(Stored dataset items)
■ ■ ■ ■ ■ ■ ■

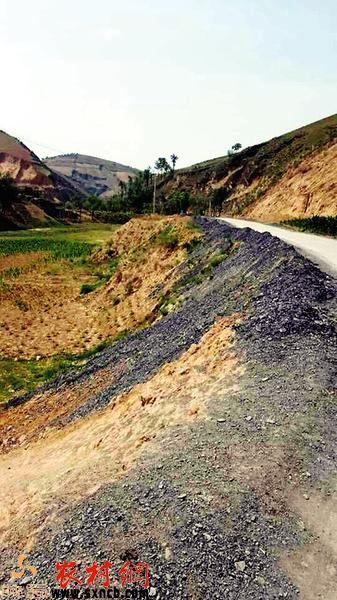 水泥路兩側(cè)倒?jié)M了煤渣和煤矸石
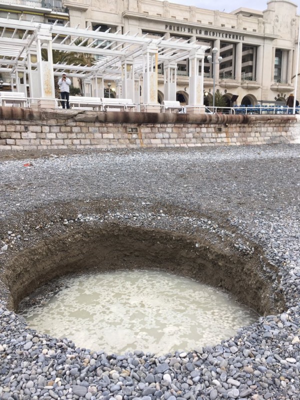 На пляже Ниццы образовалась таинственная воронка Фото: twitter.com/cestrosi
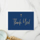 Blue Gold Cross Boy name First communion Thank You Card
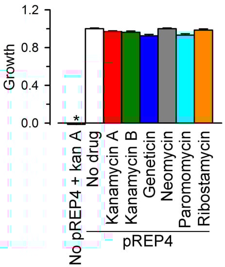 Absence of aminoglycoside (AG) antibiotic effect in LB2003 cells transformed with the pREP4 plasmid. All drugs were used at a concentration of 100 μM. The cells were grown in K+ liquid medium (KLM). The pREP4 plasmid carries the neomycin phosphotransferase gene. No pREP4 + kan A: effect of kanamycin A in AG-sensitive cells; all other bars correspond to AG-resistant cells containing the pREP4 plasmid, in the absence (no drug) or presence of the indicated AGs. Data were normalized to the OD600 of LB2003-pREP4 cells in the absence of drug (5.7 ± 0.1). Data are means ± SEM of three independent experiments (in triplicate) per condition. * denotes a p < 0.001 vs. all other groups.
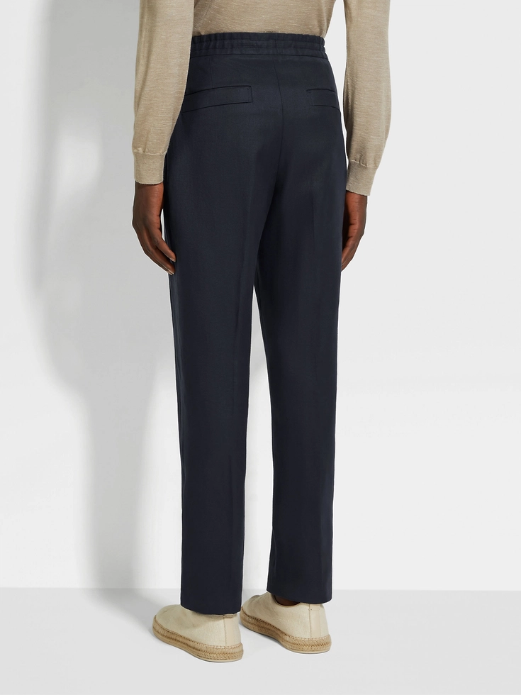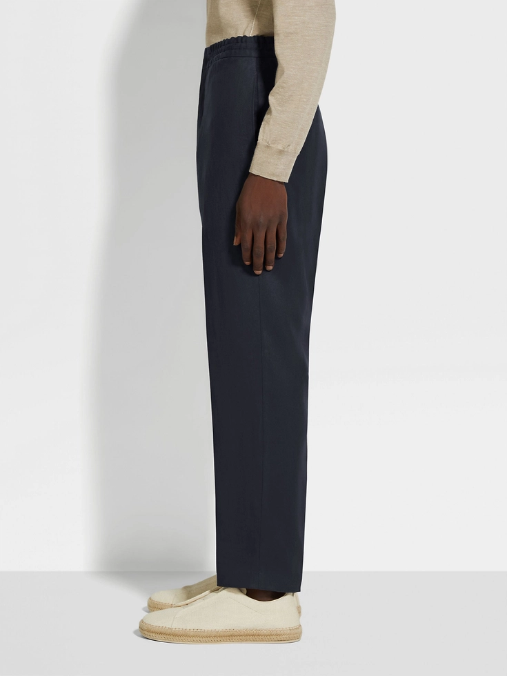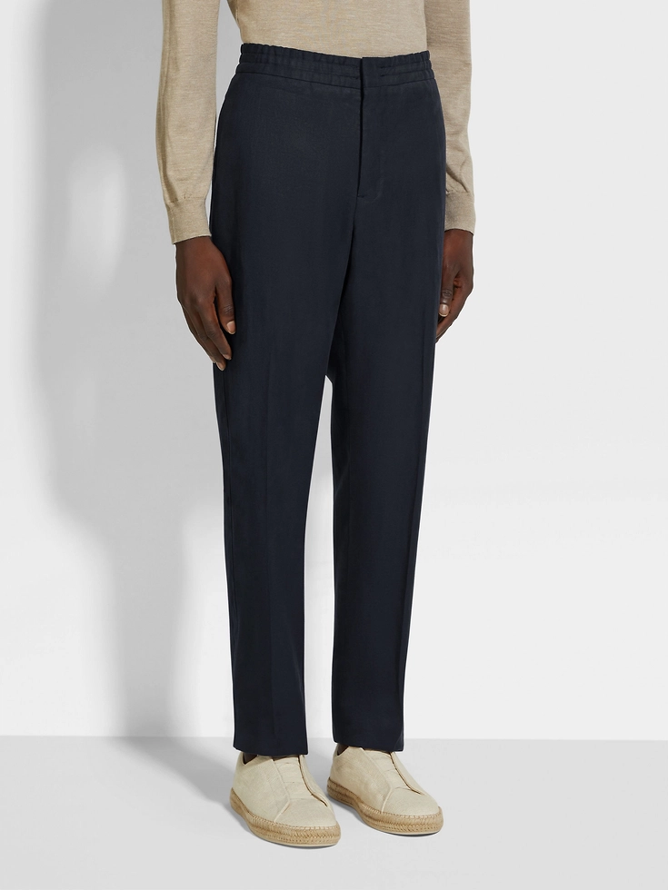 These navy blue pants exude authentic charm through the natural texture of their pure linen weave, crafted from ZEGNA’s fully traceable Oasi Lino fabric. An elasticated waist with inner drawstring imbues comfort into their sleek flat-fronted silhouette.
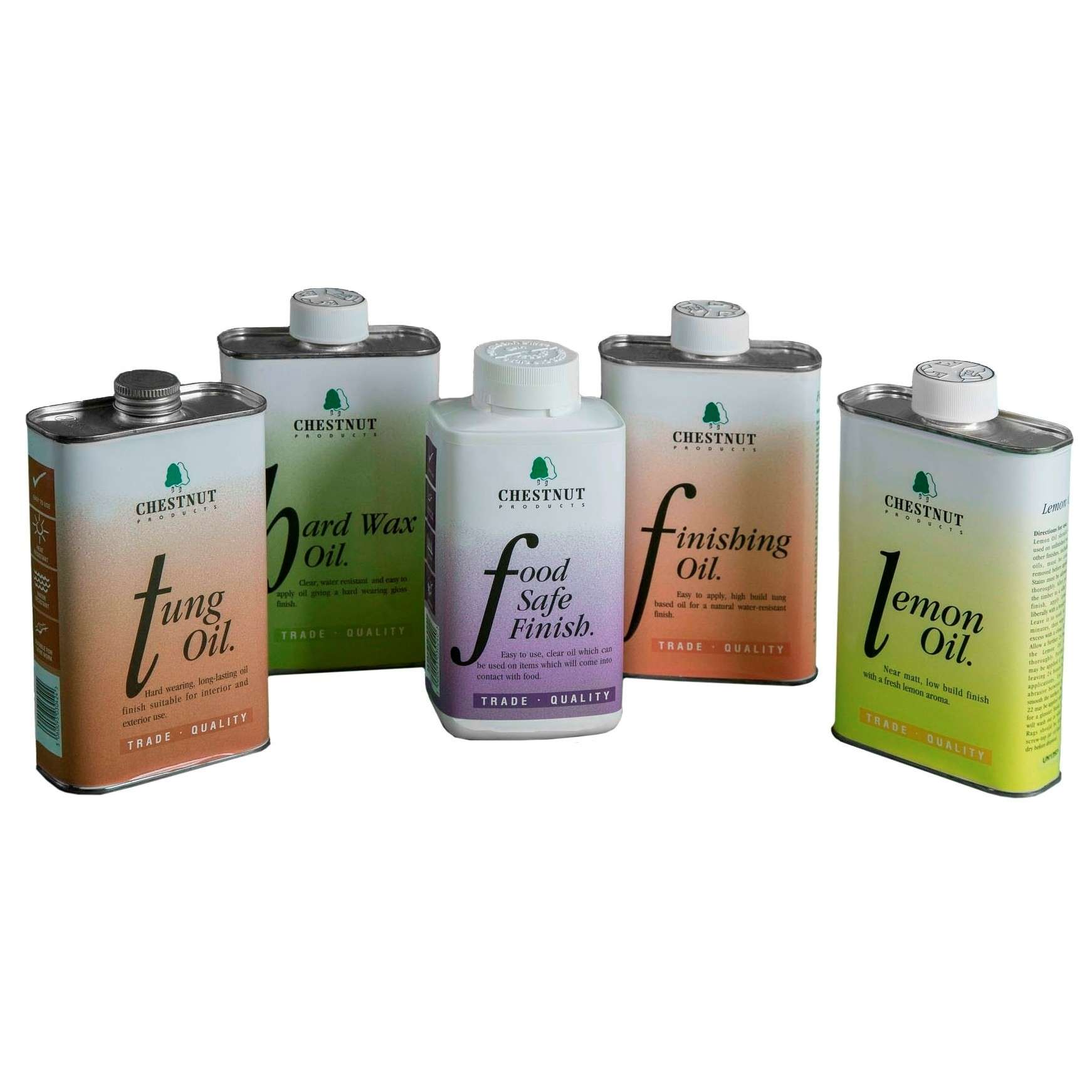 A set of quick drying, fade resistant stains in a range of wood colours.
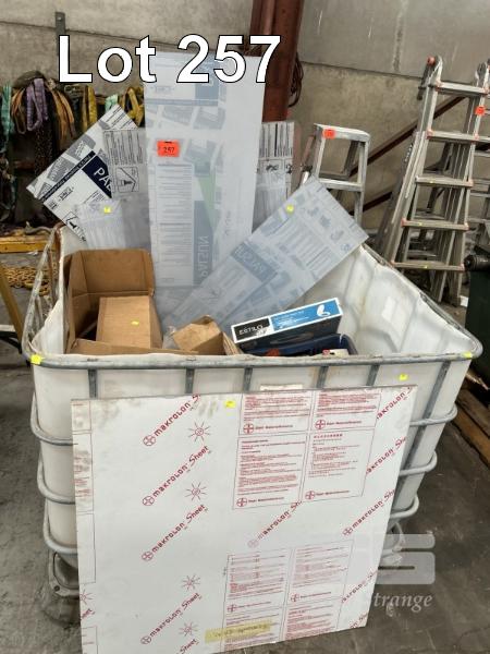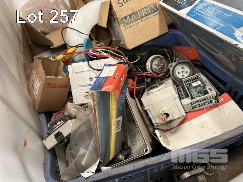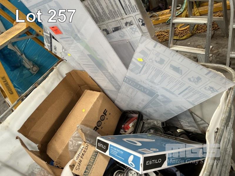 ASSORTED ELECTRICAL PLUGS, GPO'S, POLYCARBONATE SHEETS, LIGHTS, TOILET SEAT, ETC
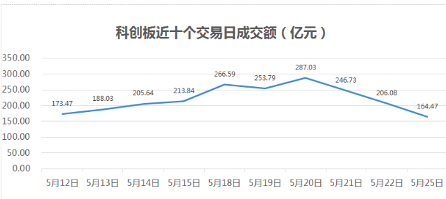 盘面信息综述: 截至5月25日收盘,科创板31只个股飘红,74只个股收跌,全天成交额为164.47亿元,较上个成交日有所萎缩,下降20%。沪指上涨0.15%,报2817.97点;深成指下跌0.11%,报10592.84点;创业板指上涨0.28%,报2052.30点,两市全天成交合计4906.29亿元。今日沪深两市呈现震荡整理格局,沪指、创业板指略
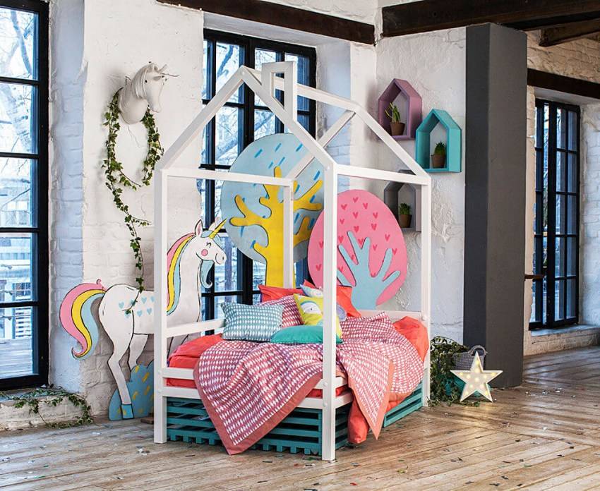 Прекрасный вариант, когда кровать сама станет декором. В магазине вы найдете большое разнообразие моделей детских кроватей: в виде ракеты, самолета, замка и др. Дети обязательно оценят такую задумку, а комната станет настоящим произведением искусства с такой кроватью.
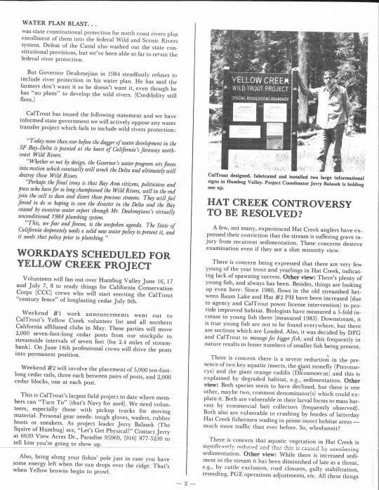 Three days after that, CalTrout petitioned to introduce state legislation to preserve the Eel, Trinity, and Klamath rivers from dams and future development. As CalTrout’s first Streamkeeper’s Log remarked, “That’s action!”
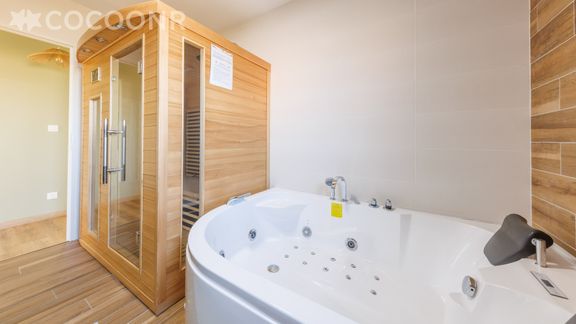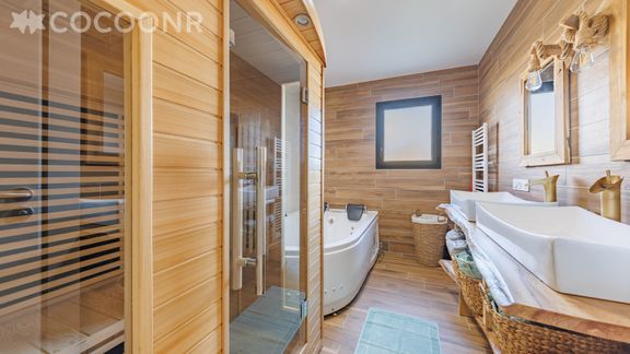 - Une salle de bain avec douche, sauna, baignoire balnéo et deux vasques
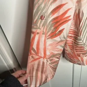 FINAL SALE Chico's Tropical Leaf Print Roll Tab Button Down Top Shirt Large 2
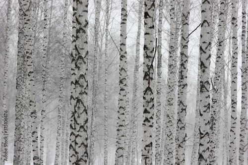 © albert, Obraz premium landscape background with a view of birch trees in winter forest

■ ■ ■ ■ ■ ■ ■

Exercise brief ▸ Your reply should consist solely of the lines above, from the opening line through the line with "Blue Gold Cross", reproduced exactly and without pictures.

Result of this task ▸
 水泥路兩側(cè)倒?jié)M了煤渣和煤矸石
 На пляже Ниццы образовалась таинственная воронка Фото: twitter.com/cestrosi
 Blue Gold Cross Boy name First communion Thank You Card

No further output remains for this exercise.